Unfortunately, Gas City High School became overcrowded around the same time Mill Creek Township’s remaining one-room schoolhouses began bursting at the seams. Citizens requested better accommodations for their kids, and a new Mill Creek Township High School was established in 1947. To reflect the change, the name of the old Gas City High School was changed to Mississinewa Joint High School in 19489. From there, the school became home to high school students from all over the township, including nearby Jonesboro. Elementary students followed in 1950.

Photo taken July 20, 2025.

A new Mississinewa High School was completed at the west end of Gas City in 1951. The old Gas City High School became known as the East Ward School, then became East Elementary School in 1977 after a second Mississinewa High School was completed on South Garthwaite Road. A new East Elementary School had been built in front of the old high school a decade prior. After its closure in 1992, it became the corporation office for Mississinewa Community Schools. 

In 2004, the old Gas City High School got another new lease on life- this time as a home for seniors. The 30,000-square-foot building was transformed into Gas City School Apartments, featuring thirteen one-bedroom and six two-bedroom units spread across 15,000 square feet of living space. Much of the building’s character was preserved, including the original gymnasium, which stayed largely untouched. In a creative twist, six of the one-bedroom apartments were actually built above the gym10.

Photo taken July 20, 2025.

For a former boomtown, Gas City has held onto a surprising amount of its past. While Jonesboro’s high school is preparing for its final bell, Gas City’s still stands.
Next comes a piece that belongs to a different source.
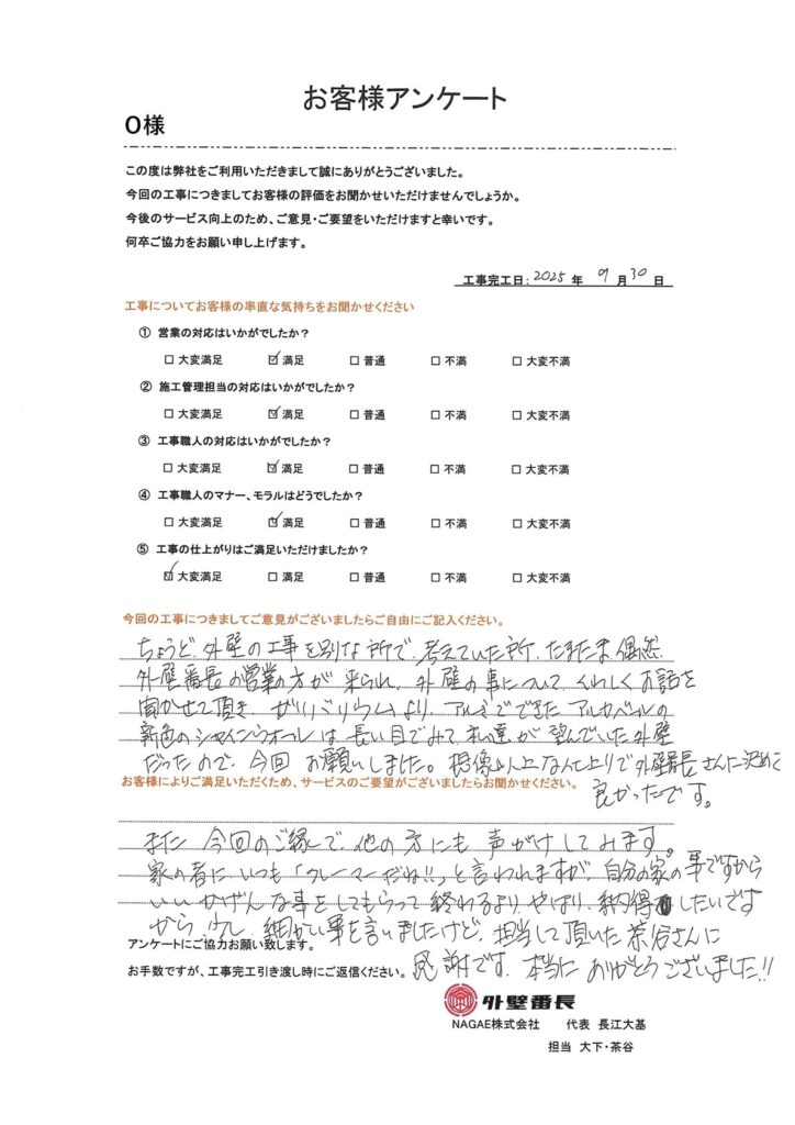 想像以上な仕上がりで外壁番長さんに決めて良かったです。

What began as a makeshift education in borrowed spaces grew into a cornerstone of the community that continues that legacy as home to those who remember when it was still full of lockers, chalkboards, and pep rallies. In a world where so many historic school buildings are left to rot or razed without ceremony, Gas City High School is a reminder that the places we once learned in can still teach us something, even if the lessons look a little different now.

Sources Cited
1 Gas City History (n.d.). City of Gas City, Indiana [Gas City]. Web. Retrieved July 20, 2025. 
2 National Register of Historic Places, Gas City High School, Gas City, Grant County, Indiana, National Register # 03001316.
3 (See footnote 1). 
4 Gas City’s 50th Anniversary Jubilee and Homecoming 1892 – 1942 (1942, September 23, 24, 25). The Gas City Journal. 1942. 
5 The Epoch (1907). Gas City High School [Gas City]. Yearbook. 
6 Alexander, G. (2020, April 1). Gas City HS pre 1923. Old Schools of Indiana. Flickr. Web. Retrieved July 20, 2025. 
7 (see footnote 2). 
8 (see footnote 2). 
9 (See footnote 4). 
10 Gas City School Apartments Gets $346,700 Grant (2004, July 28). The Twin City Journal-Reporter. p. 1.